The Solution: Debug AI Locally with DuckDB & Preswald

Debugging AI failures can be slow and expensive. But with DuckDB and Preswald, you can:

  • Run SQL queries on local logs instantly, even on large datasets.

  • spreadsheet-based debuggingReplace ad-hoc data analysis from spreadsheets or pandas scripts with interactive, shareable dashboards

  • Build real-time, persistent dashboards so teams can explore logs dynamically.

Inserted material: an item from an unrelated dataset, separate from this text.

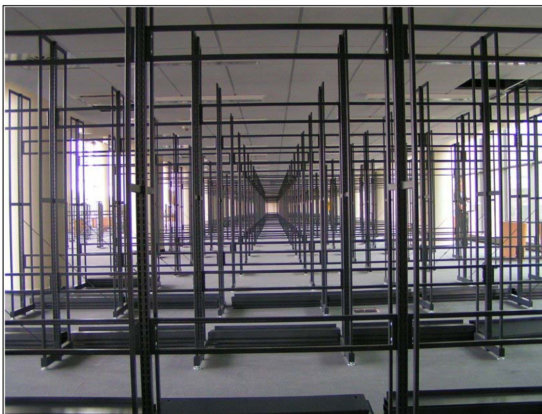
4. ábra Polcerdő, még üresen

A könyvtárak jövőjét illető kihívások, a válaszul megfogalmazódó nemzetközi fejlesztési trendek, a helyi, szegedi egyetemi sajátosságok és elvárások ismeretében kialakított tervezési útmutató ( A Szegedi Tudományegyetem Tanulmányi és Információs Központja. A meghívásos építészeti tervpályázat tervezési programja. Szeged, 2000. 64 p. ) nyomán elkészített terv eredménye az egyetemi polgárok számára 2004. december 9-én, a nyitás napján volt először látható. Mielőtt az épület rövid szóbeli bemutatásába fognék, a történeti hűség kedvéért egy sokak által felvetett kérdés tisztázását kísérem meg.

Setting Up Your Local AI Debugging Environment

Create voice_dashboard.py:

1. Install Dependencies

pip install duckdb pandas preswald

2. Load and Analyze AI Logs with DuckDB

import duckdb  
import pandas as pd  
import json  

# Load ASR logs
with open("asr_logs.json", "r") as f:
    asr_data = pd.DataFrame(json.load(f))

# Load NLP intent logs
intent_data = pd.read_csv("intent_logs.csv")

# Load AI response logs
response_data = pd.read_csv("response_logs.csv")

# Create DuckDB connection
con = duckdb.connect()
con.register("asr_logs", asr_data)
con.register("intent_logs", intent_data)
con.register("response_logs", response_data)

3. Join Logs and Identify Issues

SELECT 
    a.call_id, 
    a.transcribed_text, 
    a.asr_confidence, 
    i.user_said, 
    i.predicted_intent, 
    i.confidence AS intent_confidence, 
    r.ai_response, 
    r.response_time
FROM asr_logs a
JOIN intent_logs i ON a.call_id = i.call_id
JOIN response_logs r ON a.call_id = r.call_id;

4. Save Processed Data for Preswald

processed_logs = con.execute("""
    SELECT * FROM joined_logs
""").fetchdf()

processed_logs.to_csv("voice_agent_logs.csv", index=False)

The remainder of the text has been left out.